Try it = In the records below, find the line that contains "9分丈 女性用 レース付" and the line that contains "廣州旭眾食品機械有限公司是一", then retype exactly those two lines and every line between them.
----- Data provided -----
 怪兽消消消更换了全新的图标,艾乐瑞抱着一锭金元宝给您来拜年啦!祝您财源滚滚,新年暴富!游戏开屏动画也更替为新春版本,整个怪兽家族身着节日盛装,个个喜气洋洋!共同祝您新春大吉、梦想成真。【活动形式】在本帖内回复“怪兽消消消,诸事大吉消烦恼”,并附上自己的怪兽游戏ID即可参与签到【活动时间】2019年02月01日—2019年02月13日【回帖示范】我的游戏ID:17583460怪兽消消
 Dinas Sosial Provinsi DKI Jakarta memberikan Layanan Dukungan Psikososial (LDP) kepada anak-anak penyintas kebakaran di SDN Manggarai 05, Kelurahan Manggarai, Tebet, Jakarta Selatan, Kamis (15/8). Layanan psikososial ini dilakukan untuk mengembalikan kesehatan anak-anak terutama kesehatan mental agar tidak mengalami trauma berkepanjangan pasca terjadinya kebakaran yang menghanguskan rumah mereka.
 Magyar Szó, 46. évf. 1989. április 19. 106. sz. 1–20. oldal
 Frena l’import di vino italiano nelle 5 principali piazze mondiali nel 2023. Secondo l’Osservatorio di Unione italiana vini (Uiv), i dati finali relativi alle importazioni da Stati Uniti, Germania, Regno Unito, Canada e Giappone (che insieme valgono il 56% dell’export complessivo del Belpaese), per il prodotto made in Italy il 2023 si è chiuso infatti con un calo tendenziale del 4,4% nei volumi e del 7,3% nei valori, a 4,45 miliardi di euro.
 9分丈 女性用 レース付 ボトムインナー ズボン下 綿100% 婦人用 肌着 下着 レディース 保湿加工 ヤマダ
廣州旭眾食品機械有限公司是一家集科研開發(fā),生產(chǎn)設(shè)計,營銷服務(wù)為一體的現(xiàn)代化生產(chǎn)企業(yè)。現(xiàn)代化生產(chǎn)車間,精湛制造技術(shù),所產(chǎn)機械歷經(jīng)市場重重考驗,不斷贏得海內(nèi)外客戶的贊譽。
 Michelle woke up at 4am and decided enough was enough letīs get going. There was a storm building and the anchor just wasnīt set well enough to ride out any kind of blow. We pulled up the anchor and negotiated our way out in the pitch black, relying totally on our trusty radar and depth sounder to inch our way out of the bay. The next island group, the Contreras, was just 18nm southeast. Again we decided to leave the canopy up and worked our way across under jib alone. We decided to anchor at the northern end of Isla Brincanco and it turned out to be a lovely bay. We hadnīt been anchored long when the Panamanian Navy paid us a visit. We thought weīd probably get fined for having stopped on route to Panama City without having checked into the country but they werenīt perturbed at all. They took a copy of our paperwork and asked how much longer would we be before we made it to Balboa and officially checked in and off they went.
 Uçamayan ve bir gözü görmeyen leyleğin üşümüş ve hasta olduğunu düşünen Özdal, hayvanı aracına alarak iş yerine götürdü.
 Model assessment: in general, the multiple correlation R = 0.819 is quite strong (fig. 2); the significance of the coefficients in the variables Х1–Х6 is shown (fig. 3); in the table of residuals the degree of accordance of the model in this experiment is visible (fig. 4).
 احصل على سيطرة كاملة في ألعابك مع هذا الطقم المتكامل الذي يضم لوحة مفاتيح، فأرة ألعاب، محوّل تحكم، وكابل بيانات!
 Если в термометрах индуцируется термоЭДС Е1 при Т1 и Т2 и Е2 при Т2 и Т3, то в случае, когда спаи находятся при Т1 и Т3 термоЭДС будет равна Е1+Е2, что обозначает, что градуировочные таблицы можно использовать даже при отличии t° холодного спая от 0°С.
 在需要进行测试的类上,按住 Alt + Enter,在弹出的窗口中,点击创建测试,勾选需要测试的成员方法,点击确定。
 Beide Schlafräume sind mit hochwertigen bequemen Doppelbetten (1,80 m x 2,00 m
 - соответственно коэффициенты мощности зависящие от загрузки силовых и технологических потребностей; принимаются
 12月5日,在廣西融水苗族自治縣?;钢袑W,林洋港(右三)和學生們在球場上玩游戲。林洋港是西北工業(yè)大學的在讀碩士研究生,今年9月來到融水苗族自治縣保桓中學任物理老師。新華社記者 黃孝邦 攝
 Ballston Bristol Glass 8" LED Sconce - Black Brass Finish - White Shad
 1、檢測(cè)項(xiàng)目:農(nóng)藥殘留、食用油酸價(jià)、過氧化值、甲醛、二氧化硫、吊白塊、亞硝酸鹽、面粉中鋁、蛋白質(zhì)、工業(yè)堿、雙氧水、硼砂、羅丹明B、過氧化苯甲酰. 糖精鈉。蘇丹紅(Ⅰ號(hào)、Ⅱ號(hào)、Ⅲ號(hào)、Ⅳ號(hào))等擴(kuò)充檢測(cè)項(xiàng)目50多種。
-----
Solution =
 9分丈 女性用 レース付 ボトムインナー ズボン下 綿100% 婦人用 肌着 下着 レディース 保湿加工 ヤマダ
廣州旭眾食品機械有限公司是一家集科研開發(fā),生產(chǎn)設(shè)計,營銷服務(wù)為一體的現(xiàn)代化生產(chǎn)企業(yè)。現(xiàn)代化生產(chǎn)車間,精湛制造技術(shù),所產(chǎn)機械歷經(jīng)市場重重考驗,不斷贏得海內(nèi)外客戶的贊譽。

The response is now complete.